Two things I observed:
  1- The GPU memory usage does not change, I monitor it using nvidia-smi
  2- The execution did not get faster.

I attached below my profiling logs of the CPU/GPU executions. Bear in mind that the code execute for fixed amount of time, however, the CPU processes twice more batches than the GPU.

Your help is really appreciated :).

Regards.
--
Rami Al-Rfou
cpu_log
gpu_log

James Bergstra

unread,
Oct 11, 2012, 5:50:58 PM10/11/12
to theano...@googlegroups.com, Bryan Perozzi
What timing results do you get when you run the actual deep learning
tutorial code?

رامي الرفوع

unread,
Oct 11, 2012, 6:09:56 PM10/11/12
to theano...@googlegroups.com, Bryan Perozzi
In case the attachments did not appear.
@James
For theano test offered in the website, I get better results when running things on the GPU. Here is the table of timings, those are calculated for the first variation of the code, the other variations show the expected speedups.

ExperimentGPU (sec)CPU (sec)
allow_gc=True;
float32
0.4315.44
allow_gc=False
float32
0.29515.43
float64; allow_gc=True3.853.86
float64; allow_gc=False3.873.87

James Bergstra

unread,
Oct 11, 2012, 9:16:50 PM10/11/12
to theano...@googlegroups.com, Bryan Perozzi
Hi Rami,

The pattern among the runtimes in your table are expected for code that maps well on to GPU.  GPU only works in float32, and garbage collection slows things down somewhat.

HTH,
- James

رامي الرفوع

unread,
Oct 11, 2012, 10:13:18 PM10/11/12
to theano...@googlegroups.com, Bryan Perozzi
@James
The test program run as expected, my code does not behave the same.
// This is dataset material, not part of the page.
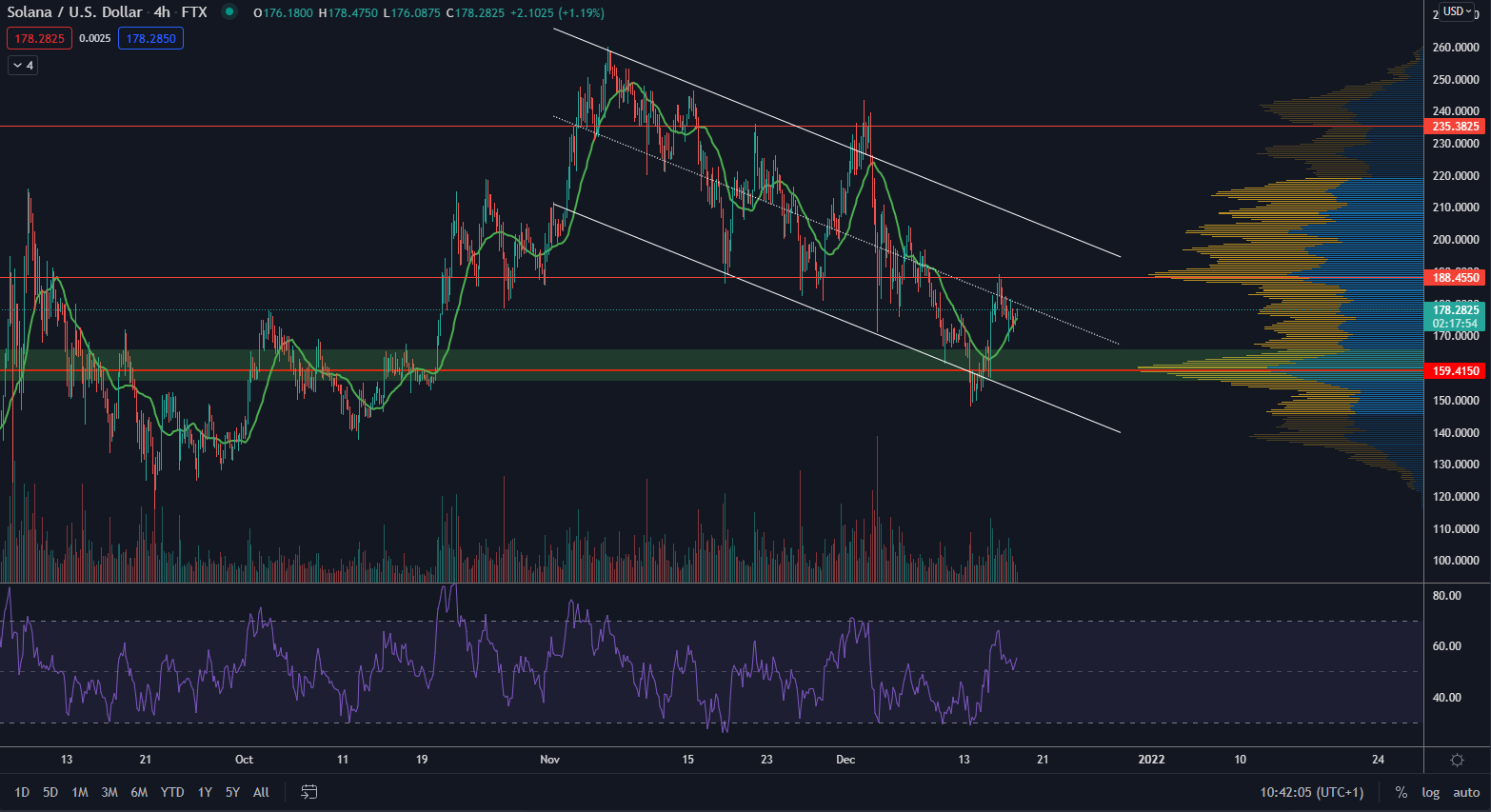 Solana sa odrazila od pásma supportu na point of control v hladine 160 $. Podstatné je, aby cena dokázala vytvoriť ďalšie minimum buď v tomto pásme, alebo vyššie. Až vtedy môžeme hovoriť o potenciálnom ukončení korekcie. Samozrejme, cena nemusí vytvoriť reverziu vyšším minimom a rezistenciu môže prekonať okamžite.

Profiling does not show that I am using float 64 or there is any operation running on CPU. The GPU log shows that I am using the GPU for all operations, still I am not getting any speedups.

I am looking for what I am missing, any hints are appreciated.

Pascal Lamblin

unread,
Oct 11, 2012, 10:43:12 PM10/11/12
to theano...@googlegroups.com
Hi Rami,
Apparently, some operations have a GPU implementation that is slower
than the GPU one, as they have not been optimized yet: In your case,
GpuAdvancedIncSubtensor1 is 5 to 10 times slower than the CPU equivalent
(AdvancedIncSubtensor1) for each call.

This operation happens in particular when taking the gradient of
expressions like a[v], where v is a vector of integers. Maybe there is
a way to express your graph in a way that does not involve advanced
indexing, and could be faster with current implementation.

--
Pascal

رامي الرفوع

unread,
Oct 12, 2012, 5:49:20 AM10/12/12
to theano...@googlegroups.com
Hi Pascal,

Thanks for the insight, I see what you are saying in the logs. Actually, I index a large matrix to lookup the words embeddings.
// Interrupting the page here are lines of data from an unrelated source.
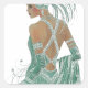Glimpse of Elegance: Green Backless Dress Design Square Sticker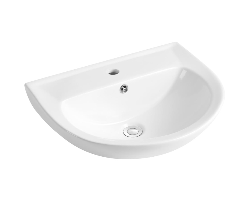 Závěsné keramické umyvadlo v bílé barvě se šířkou 56,5 cm, hloubkou 44 cm a výškou 18 cm. Balení bez baterie, vtoku a sifonu.
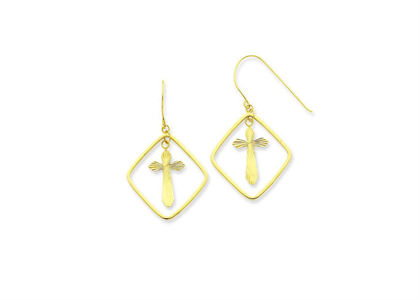 Crafted in 14 KT Gold Plated, each perfectly petite earring showcases a shimmering cross with a gleaming square outline

I think I can implement indexing as a multiplication with a sparse matrix, will that speed up things? As far as I understand sparse operations will be executed at the CPU.

Pascal Lamblin

unread,
Oct 12, 2012, 2:31:57 PM10/12/12
to theano...@googlegroups.com
Hi,

On Fri, Oct 12, 2012, رامي الرفوع wrote:
> I think I can implement indexing as a multiplication with a sparse
> matrix, will that speed up things? As far as I understand sparse
> operations will be executed at the CPU.

That's correct, sparse operations will be executed only on the CPU.
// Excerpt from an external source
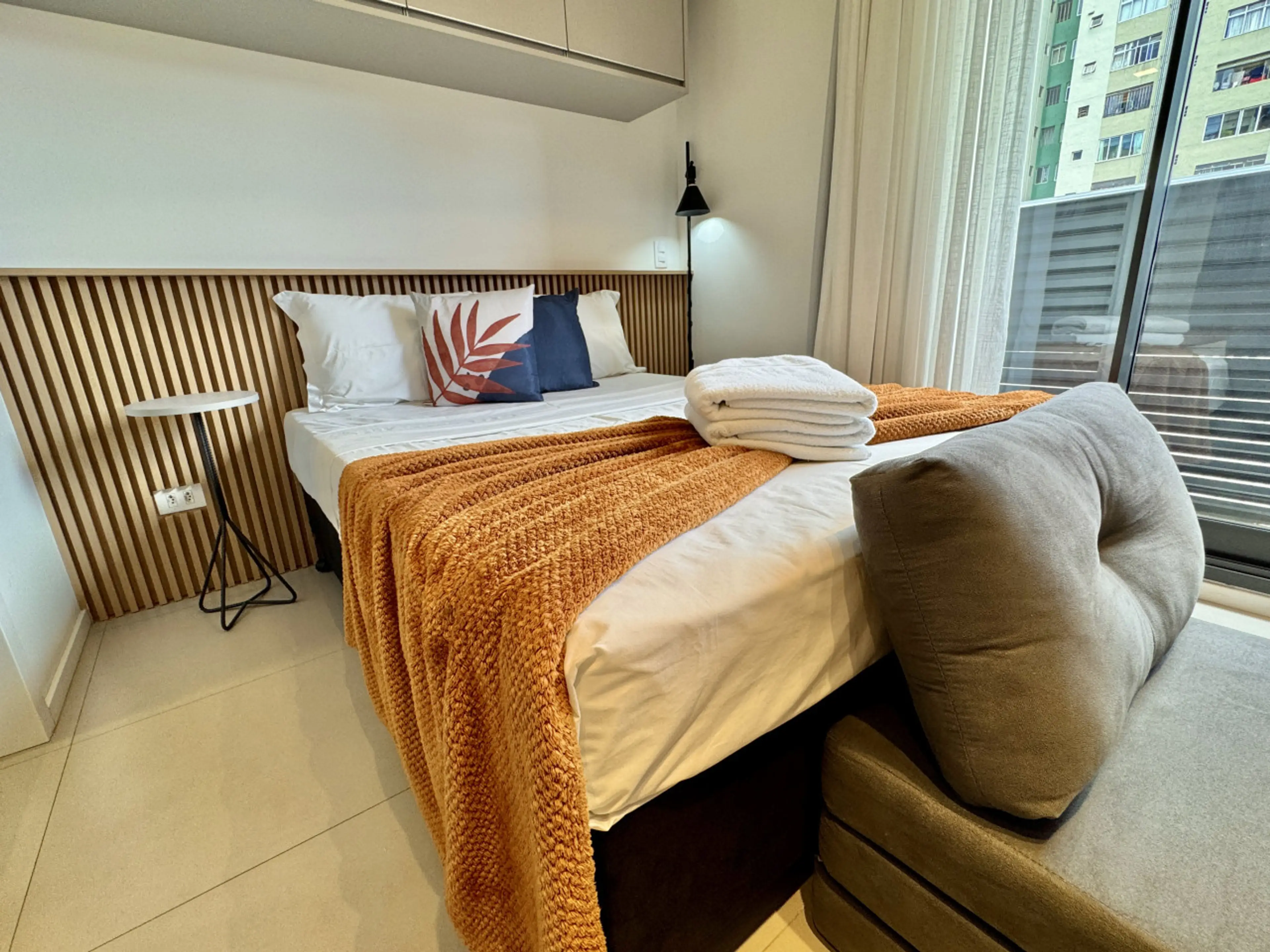 Studio totalmente pensado para Airbnb no Log Centro, região central de Curitiba, ao lado do passeio público e a 3 quadras do Shopping Mueller. Vaga de Garagem opcional, com contratação na segunda etapa da reserva pelo nosso site. Cozinha equipada com Geladeira, Fogão, Microondas , TV Smart, Cama Box...

Multiplying by a sparse matrix is worth trying, since the implementation
of AdvancedIncSubtensor1 on the CPU, too, is quite slow. I'm not sure it
will help, though, but I thing it is worth giving it a try.

Hope this helps,
--
Pascal

رامي الرفوع

unread,
Oct 13, 2012, 7:03:45 PM10/13/12
to theano...@googlegroups.com
I am trying to use the sparse matrices multiplication instead of the indexing solution, here is my code


from theano import function
from theano import shared
from theano import tensor as T
from theano import sparse
import scipy.sparse as sp
from numpy import array, asarray, random

from theano.tensor.tests.test_basic import get_numeric_types
print [(str(x), x.num) for x in get_numeric_types()]


size = 9

intX = 'int32'

C = T.matrix('C', dtype=intX)
I = T.matrix('I', dtype=intX)

fI= I.flatten()
data = T.ones_like(fI)
indptr = T.arange(data.shape[0]+1)

m1 = sparse.CSR(data, fI, indptr, (8, size))
m2 = sparse.dot(m1 ,C)
y = m2.reshape(shape=(2,4,9),ndim=3)

f = function(inputs=[I, C], outputs=y)
i = asarray([[4, 3, 7  ,7], [2,8, 4,5]], dtype=intX)
a = asarray(random.randint(0, 100, (size,size)), dtype=intX)
print a
print '================================='

result = f(i, a)
print result


I get the following error

[('float32', 11), ('float64', 12), ('int16', 3), ('int32', 5), ('int32', 7), ('int64', 9), ('int8', 1), ('uint16', 4), ('uint32', 6), ('uint32', 8), ('uint64', 10), ('uint8', 2)]
(False, False)
<class 'theano.tensor.basic.TensorVariable'>
DimShuffle{1,0}.0
2
[[29 16 54 40 75 40  5 39 39]
 [50  6 59 45 47 92 86 18 68]
 [ 1 25 72 81 69 22 46 21 51]
 [53 97 64 26 47 74 13 20 78]
 [34 40 28 16 13 32 89  7 27]
 [95 82  4 25 49 57 99 50  7]
 [ 4 55  6  6 67 53 69  0  1]
 [71 20 39 55 53 92 67 11 35]
 [ 6 75 10 92 48 51 73 43 82]]
---------------------------------------------------------------------------
TypeError                                 Traceback (most recent call last)
<ipython-input-137-8377cf2e4203> in <module>()
     49 print '================================='
     50 
---> 51 result = f(i, a)
     52 print result
     53 

/usr/local/lib/python2.7/dist-packages/Theano-0.6.0rc1-py2.7.egg/theano/compile/function_module.pyc in __call__(self, *args, **kwargs)
    672                 # the C VM needs this because the exception manipulation
    673                 # done by raise_with_op is not implemented in C.
--> 674                 gof.vm.raise_with_op(self.fn.nodes[self.fn.position_of_error])
    675             else:
    676                 # old-style linkers raise their own exceptions

/usr/local/lib/python2.7/dist-packages/Theano-0.6.0rc1-py2.7.egg/theano/compile/function_module.pyc in __call__(self, *args, **kwargs)
    666         t0_fn = time.time()
    667         try:
--> 668             outputs = self.fn()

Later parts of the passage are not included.